- **DATA SECTION**:
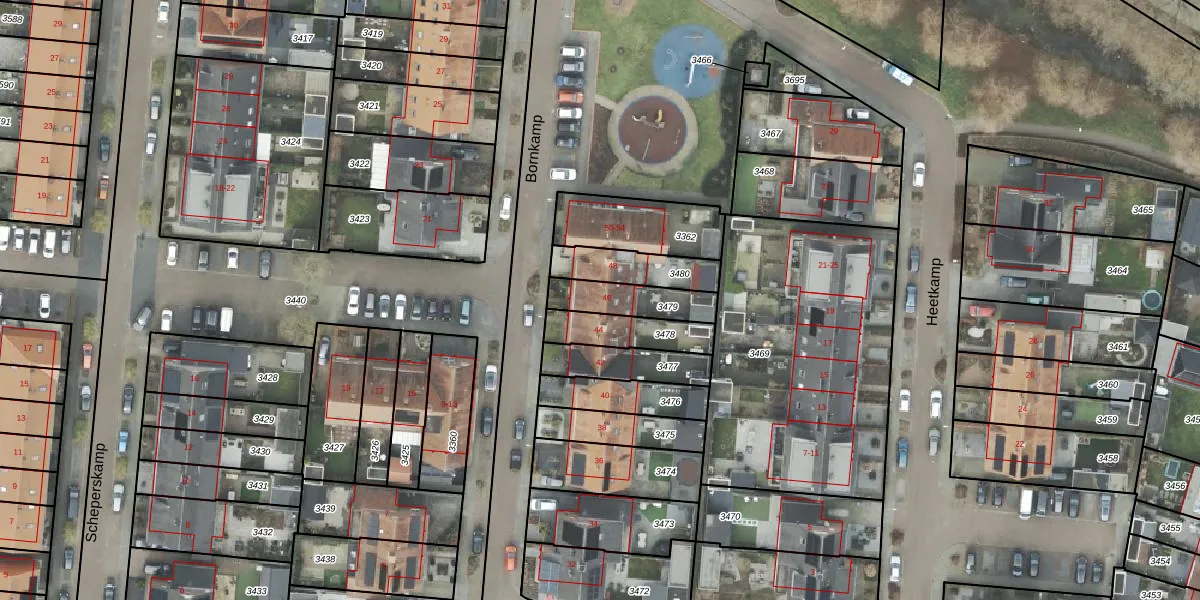 Bornkamp 46 is gelegen op kadastraal perceel HDE00H3479. Deze kadastrale aanduiding is uniek en wordt gebruikt door het Kadaster om eigendomsrechten en andere zakelijke rechten vast te leggen. Het perceel maakt onderdeel uit van de kadastrale gemeente Heerde.
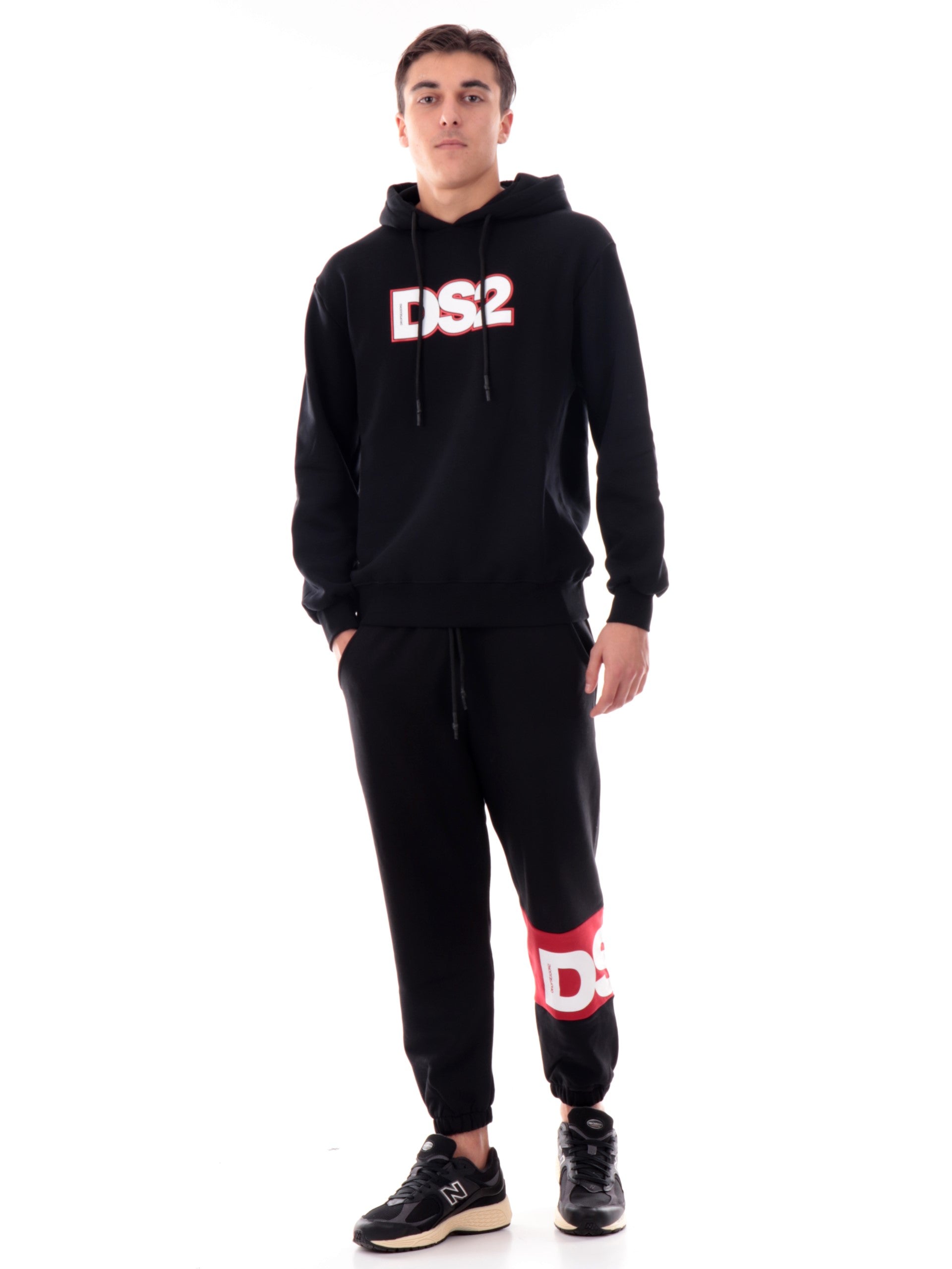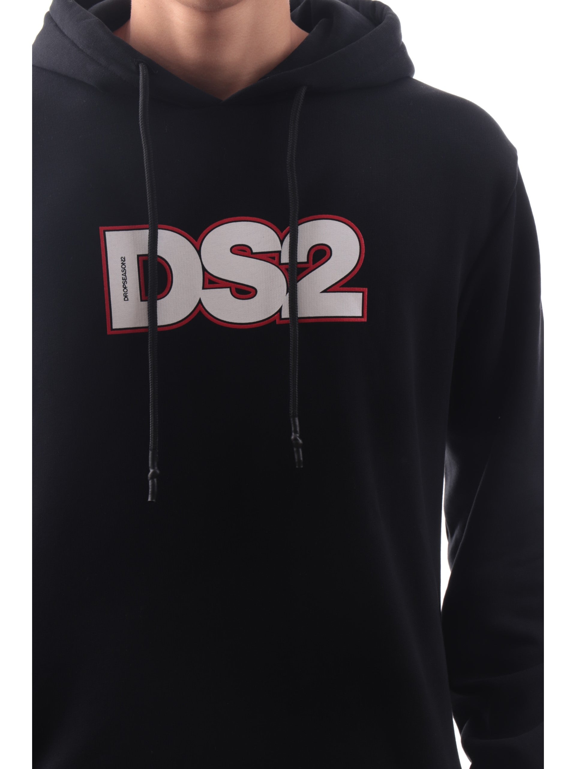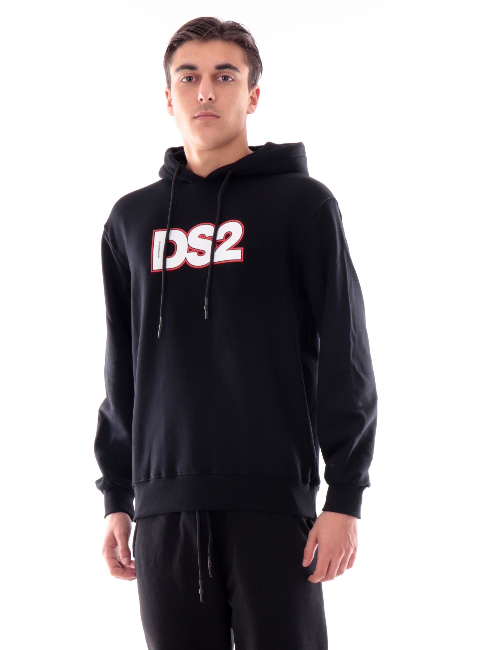 Felpa DS2 con cappuccio da uomo nera felpata. Questa felpa DS2 da uomo è realizzata da 100% in puro cotone ed è caratterizzata da un cappuccio con lacci regolabili, la maxi scritta DS2 centrale, polsini e fondo elasticizzati. Questa felpa grazie al tessuto interno felpato è perfetto per la stagione invernale
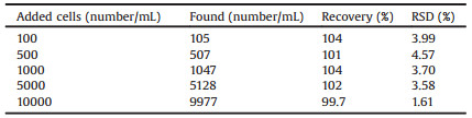 Table 1 Detection of cell concentration in human serum. |
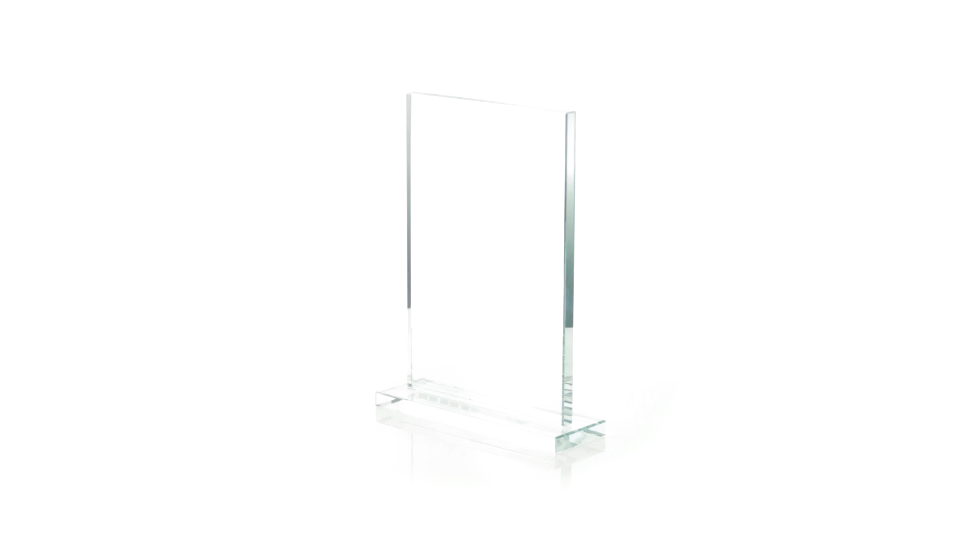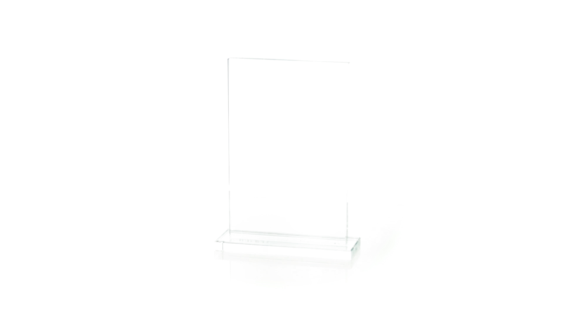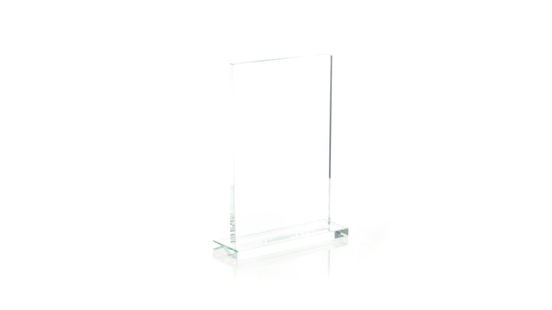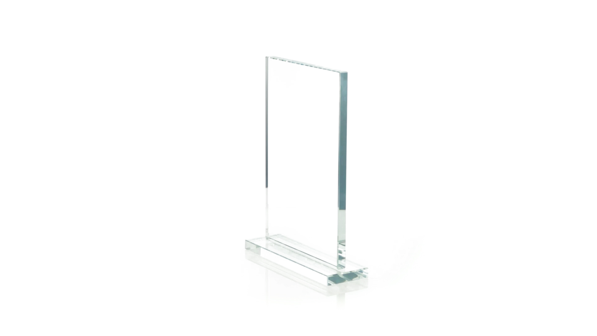 Trophäe aus dickem Glas mit elegantem rechteckigem Design und robustem Standbein. Speziell für den Laserdruck entwickelt. Präsentiert in einem individuellen Schutzcase.

- **ABOUT THIS EXERCISE**: When copying, output the data exactly and leave out the pictures.

- **ANSWER BOX**:
 Bornkamp 46 is gelegen op kadastraal perceel HDE00H3479. Deze kadastrale aanduiding is uniek en wordt gebruikt door het Kadaster om eigendomsrechten en andere zakelijke rechten vast te leggen. Het perceel maakt onderdeel uit van de kadastrale gemeente Heerde.
 Felpa DS2 con cappuccio da uomo nera felpata. Questa felpa DS2 da uomo è realizzata da 100% in puro cotone ed è caratterizzata da un cappuccio con lacci regolabili, la maxi scritta DS2 centrale, polsini e fondo elasticizzati. Questa felpa grazie al tessuto interno felpato è perfetto per la stagione invernale
 Table 1 Detection of cell concentration in human serum. |
 Trophäe aus dickem Glas mit elegantem rechteckigem Design und robustem Standbein. Speziell für den Laserdruck entwickelt. Präsentiert in einem individuellen Schutzcase.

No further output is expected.